- _Problem to work on_:
Although the entries contain pictures, write out only their text, exactly as it stands.

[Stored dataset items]
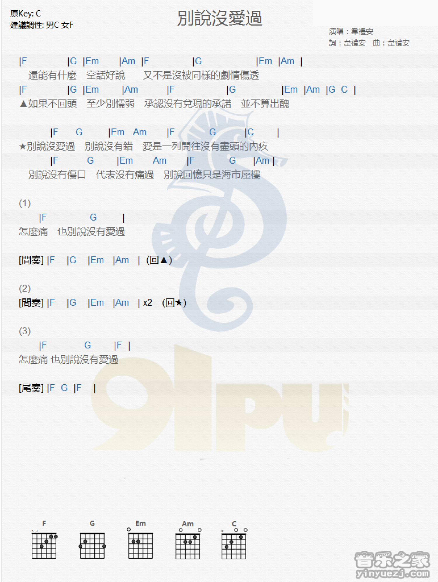 别说没爱过吉他谱 - 韦礼安 - C调吉他弹唱谱 - 和弦谱
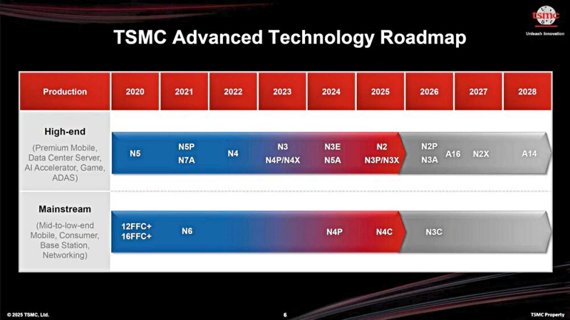 차세대 A14 공정도 구체적인 성능 목표가 제시됐다. TSMC는 A14에 2세대 나노시트 트랜지스터 구조를 적용해 N2 대비 동일 전력 기준 10~15% 성능 향상, 동일 성능 기준 25~30% 전력 절감, 약 20% 칩 밀도 개선을 기대하고 있다고 밝혔다. 양산 시점은 2028년으로 제시됐다. 이는 차세대 AI와 고성능 컴퓨팅 수요를 염두에 둔 장기 로드맵의 일환이다.
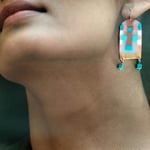 Made with thermal polymer, featuring turquoise semi-precious stones and set with sterling silver hooks.
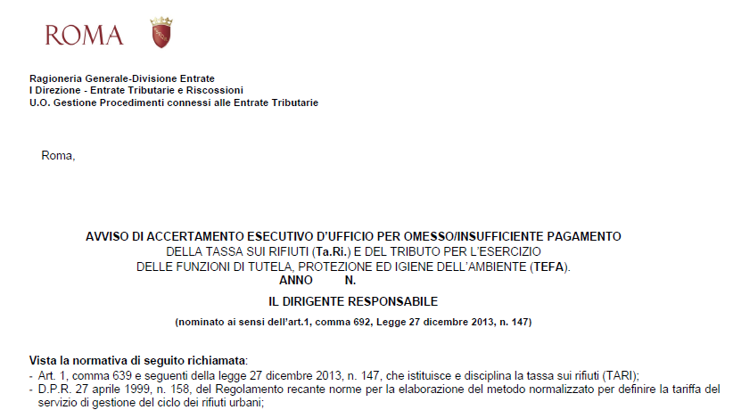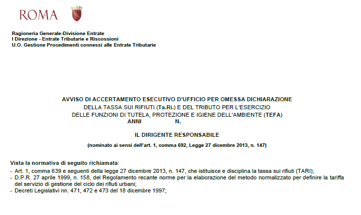 Atti amministrativi con i quali Roma Capitale, nella qualità di Ente Titolare del Tributo, con il supporto di AMA, accerta:- la violazione tributaria di “omessa dichiarazione” ai fini della Ta.Ri., liquidando il tributo dovuto comprensivo di sanzioni e interessi come previsto dalla vigente normativa.
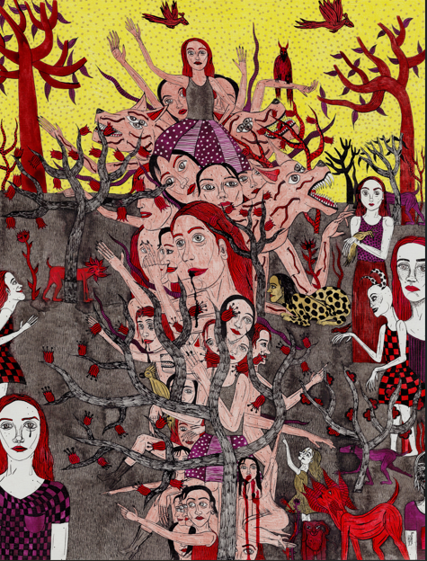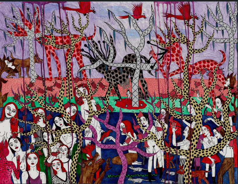 Quand j’étais ado, mes parents me disaient toujours que ce que je faisais était glauque et sombre. J’avais beau mettre mille couleurs, ils trouvaient toujours cela sombre. Aujourd’hui, ça me fait rire un peu. J’aime quand le maximum de couleurs se mélange, quand il y a parfois trop d’informations, que ça peut faire « mal aux yeux », j’aime bien. Mais je fais aussi souvent des dessins juste en noir et blanc à l’encre de Chine ou en rouge et noir, souvent en rapport avec mon projet de musique Rouge Renarde.
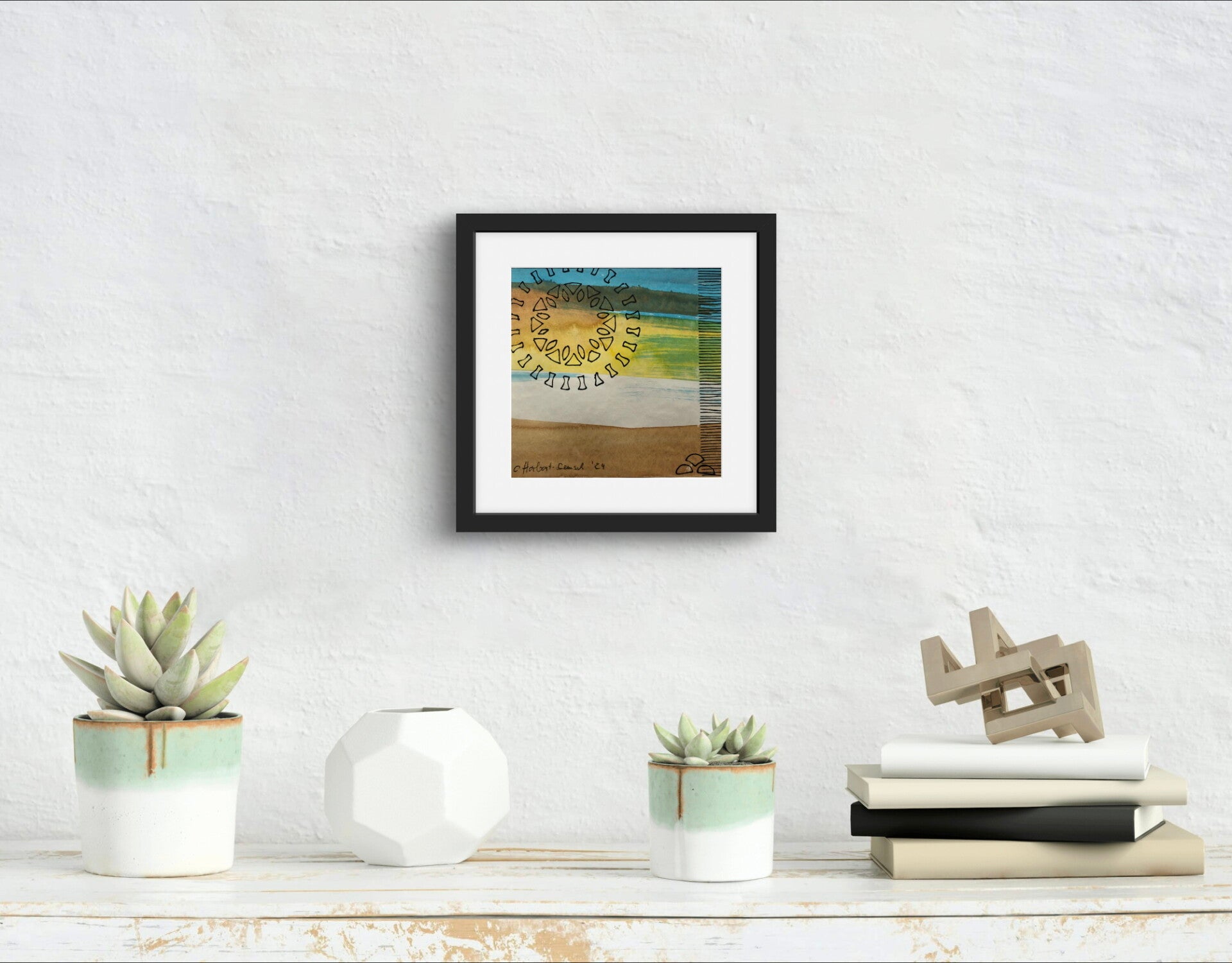 Aquarell und Acryl-Finliner, 15 cm x 15 cm, Aquarellpapier 300 gr/m2, Paspartout 20 cm x 20 cm. Herstellungsjahr 2024, Hauptfarben Türkis, Hellbraun, Gelb, Schwarz.

- _Answer space_:
 别说没爱过吉他谱 - 韦礼安 - C调吉他弹唱谱 - 和弦谱
 차세대 A14 공정도 구체적인 성능 목표가 제시됐다. TSMC는 A14에 2세대 나노시트 트랜지스터 구조를 적용해 N2 대비 동일 전력 기준 10~15% 성능 향상, 동일 성능 기준 25~30% 전력 절감, 약 20% 칩 밀도 개선을 기대하고 있다고 밝혔다. 양산 시점은 2028년으로 제시됐다. 이는 차세대 AI와 고성능 컴퓨팅 수요를 염두에 둔 장기 로드맵의 일환이다.
 Made with thermal polymer, featuring turquoise semi-precious stones and set with sterling silver hooks.
 Atti amministrativi con i quali Roma Capitale, nella qualità di Ente Titolare del Tributo, con il supporto di AMA, accerta:- la violazione tributaria di “omessa dichiarazione” ai fini della Ta.Ri., liquidando il tributo dovuto comprensivo di sanzioni e interessi come previsto dalla vigente normativa.
 Quand j’étais ado, mes parents me disaient toujours que ce que je faisais était glauque et sombre. J’avais beau mettre mille couleurs, ils trouvaient toujours cela sombre. Aujourd’hui, ça me fait rire un peu. J’aime quand le maximum de couleurs se mélange, quand il y a parfois trop d’informations, que ça peut faire « mal aux yeux », j’aime bien. Mais je fais aussi souvent des dessins juste en noir et blanc à l’encre de Chine ou en rouge et noir, souvent en rapport avec mon projet de musique Rouge Renarde.
 Aquarell und Acryl-Finliner, 15 cm x 15 cm, Aquarellpapier 300 gr/m2, Paspartout 20 cm x 20 cm. Herstellungsjahr 2024, Hauptfarben Türkis, Hellbraun, Gelb, Schwarz.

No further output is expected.